Why a Shared Mailbox Can Be Risky

  • Unrelated bounced mail in the same mailbox can still be recorded.
  • If the bounced address matches one of your contacts, that address can still become suppressed.
  • If processed messages are not left on the server, unrelated bounce messages in that mailbox can also be removed.
Best practice: use a dedicated mailbox for bounce returns for each sending account or sending workflow. This keeps bounce history clean, reduces the chance of unrelated suppressions, and avoids deleting bounce mail that belongs to some other system.
Suppression Rules

Which Bounces Suppress Future Sending By Default

Usually Suppressed

  • MailBee hard bounces
  • Recipient address changed
  • 5.4.1 Recipient address rejected: Access denied
  • 5.1.1 invalid-recipient failures
  • 5.1.10 RecipientNotFound
  • Category: hard in the bounce body
  • no such user, recipient not found, or does not exist

Usually Logged Only

  • 5.2.2 mailbox full
  • Quota exceeded conditions
  • Temporary server problem
  • Retry-later or deferred conditions
  • Other soft or temporary bounce conditions that do not identify the address as invalid
Virtual Mailer does not suppress every soft bounce by default. The goal is to suppress addresses that appear invalid while leaving temporary delivery problems available for later retry.
How Virtual Mailer Decides

Parsed Type Plus Targeted Reasoning

Virtual Mailer starts with the parsed bounce type returned by the bounce-processing engine. It then applies a small set of targeted default rules for known invalid-recipient patterns.

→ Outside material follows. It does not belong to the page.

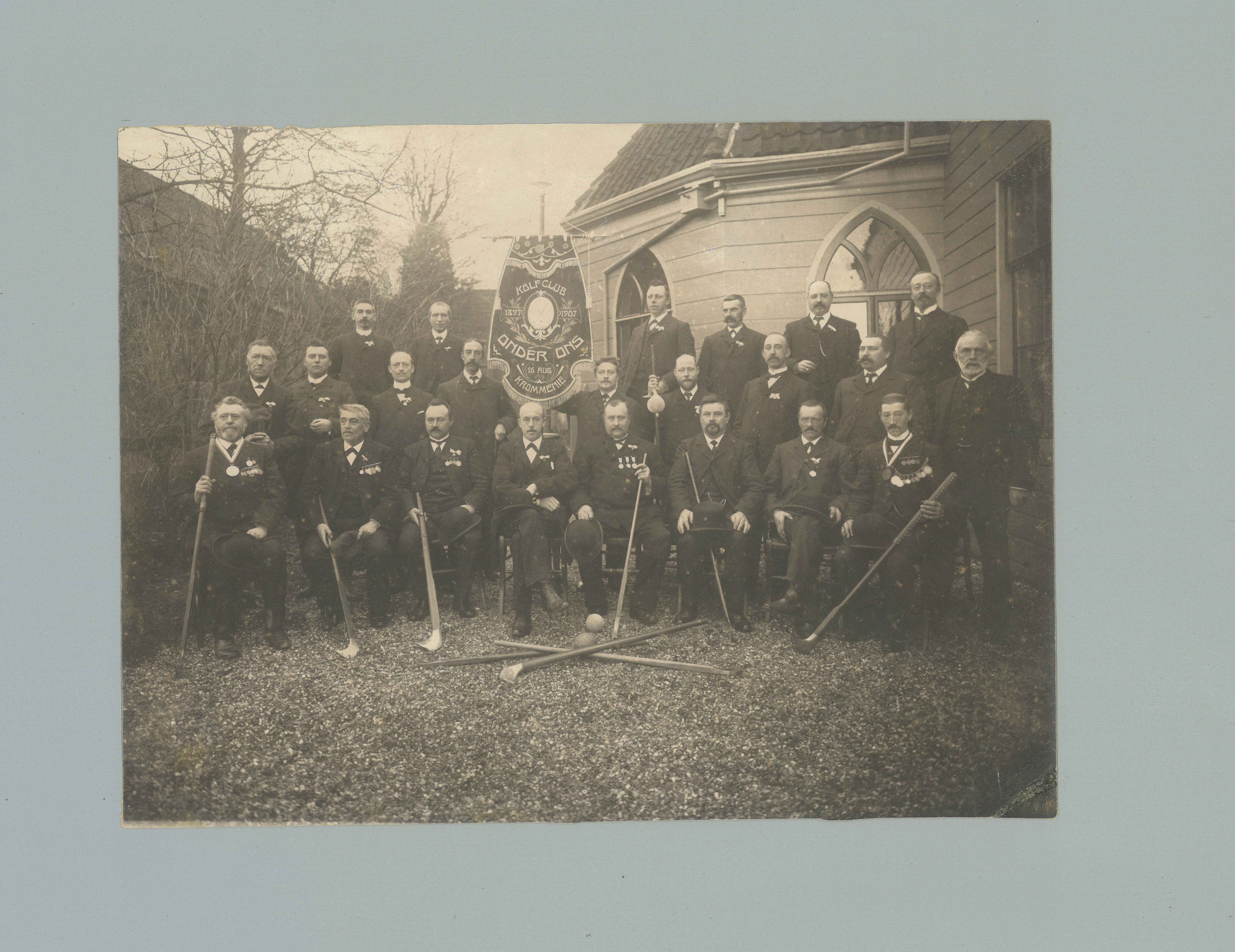 Foto uit 1907 van kolfclub 'Onder Ons' uit Krommenie. Deze kolfclub organiseerde in dit jaar de Nederlandse kampioenschappen (waar de Utrechters de korpsprijs wonnen) en zijn tijdens deze dagen vereeuwigd. De opname is gemaakt achter de societeit 'Ons Genoegen'.
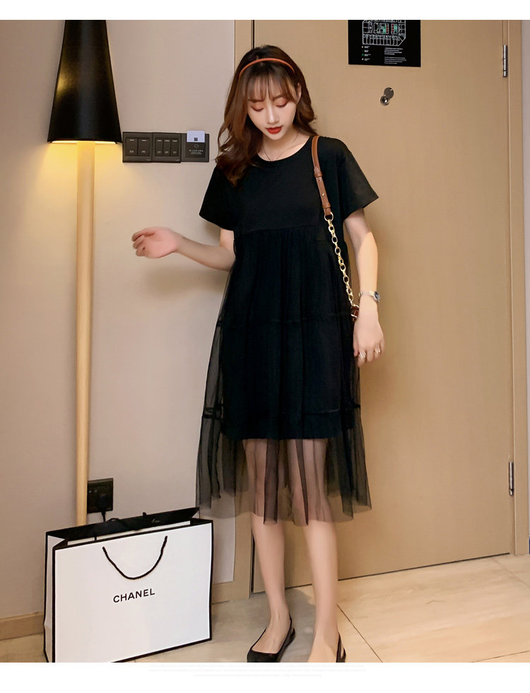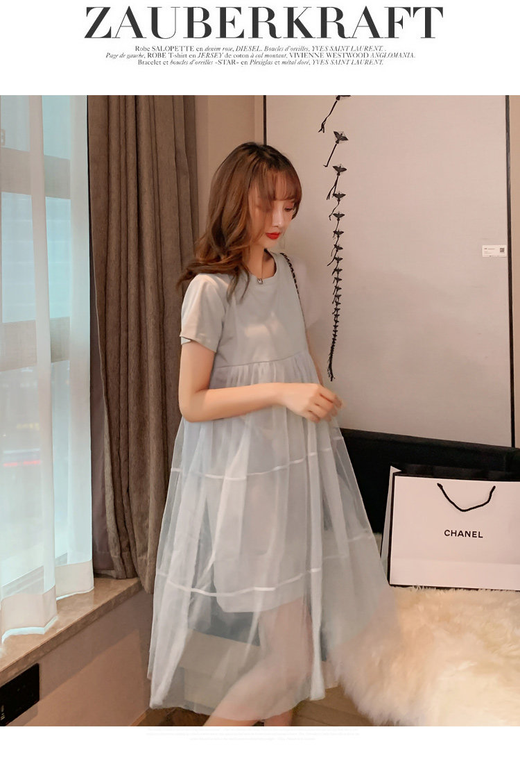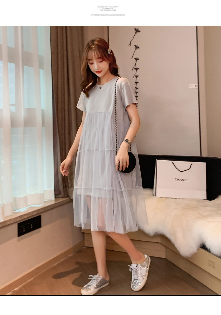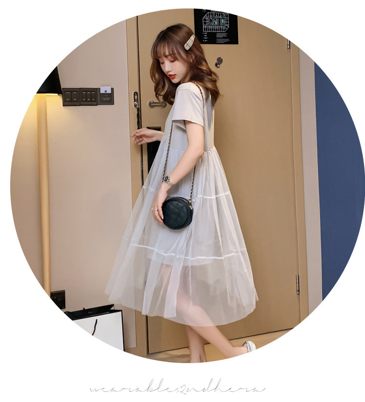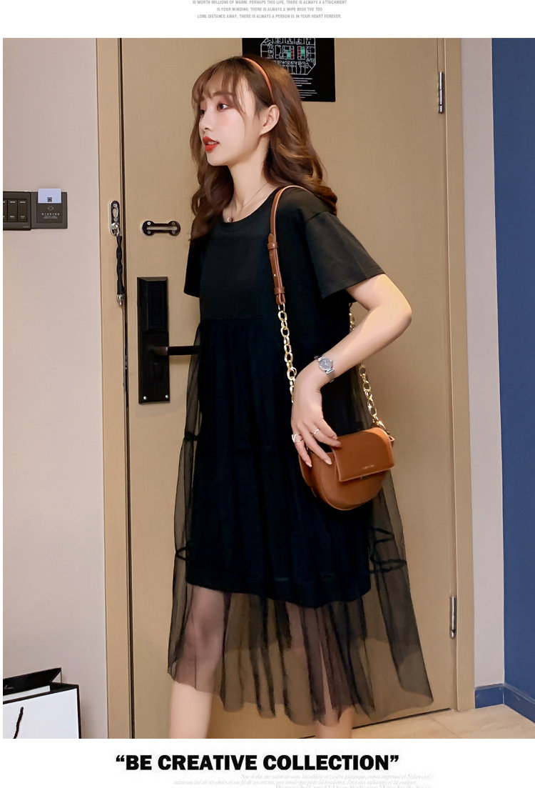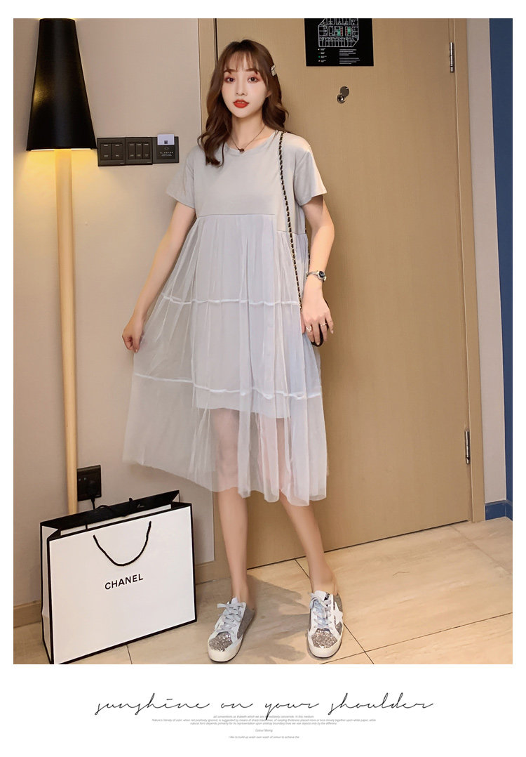 实拍现货纯棉时尚孕妇网纱拼接连衣裙气质网红仙仙大码裙子

  • A generic permanent-looking status code by itself is not enough to suppress an address.
  • A specific invalid-recipient pattern such as 5.4.1 Recipient address rejected: Access denied is treated as suppressing by default.
  • Temporary conditions such as mailbox-full responses remain logged without suppressing the address.
This approach helps protect sender reputation without turning every soft delivery problem into a permanent suppression.
UI Indicators

Where Users See Suppressed Status

Screen Indicator Meaning
Contacts Suppressed column in the contacts grid The contact's current email address matches a suppressed address in bounce history.
Mailing Lists Suppressed count in the main Mailing Lists grid and Suppressed column in the mailing list members grid The list contains one or more members whose current email addresses should not be mailed until corrected.
Contact Editor A visible warning notice The contact's current email address is still suppressed.
Correction

What Happens When the Email Address Is Changed

The suppression indicator is based on the contact's current email address.

  1. If the contact still has the bounced email address, the record shows as suppressed.
  2. If the contact is updated to a new valid email address, the suppressed indicator disappears.
  3. The original bounce event still remains in history for the old failed address.
This makes the indicator useful as a cleanup signal. It tells the user the current email needs attention, but it does not permanently lock the contact record.
Recommended Use

Day-to-Day Workflow

  1. Configure bounce processing for each sending account you actively use.
  2. Use a dedicated mailbox for bounce returns whenever possible.
  3. Run Sync Bounces after campaigns have had time to generate returned mail.
  4. Review Contacts and Mailing Lists for records marked Suppressed.
  5. Correct addresses when you have an updated valid email for the same contact.
  6. Leave the record suppressed when the address is no longer valid.
Troubleshooting

If the Indicator Does Not Appear

  • Verify that the Mail Account bounce settings are complete and correct.
  • Confirm that returned bounce mail is reaching the configured mailbox.
  • Run Sync Bounces after the campaign has generated returned mail.
  • Check whether the message was a temporary response such as mailbox full rather than an invalid-recipient response.
  • Remember that only targeted invalid-recipient patterns are suppressed by default. Other soft bounces are still recorded for review.
  • Remember that if the contact email has already been corrected, the contact will no longer show as suppressed.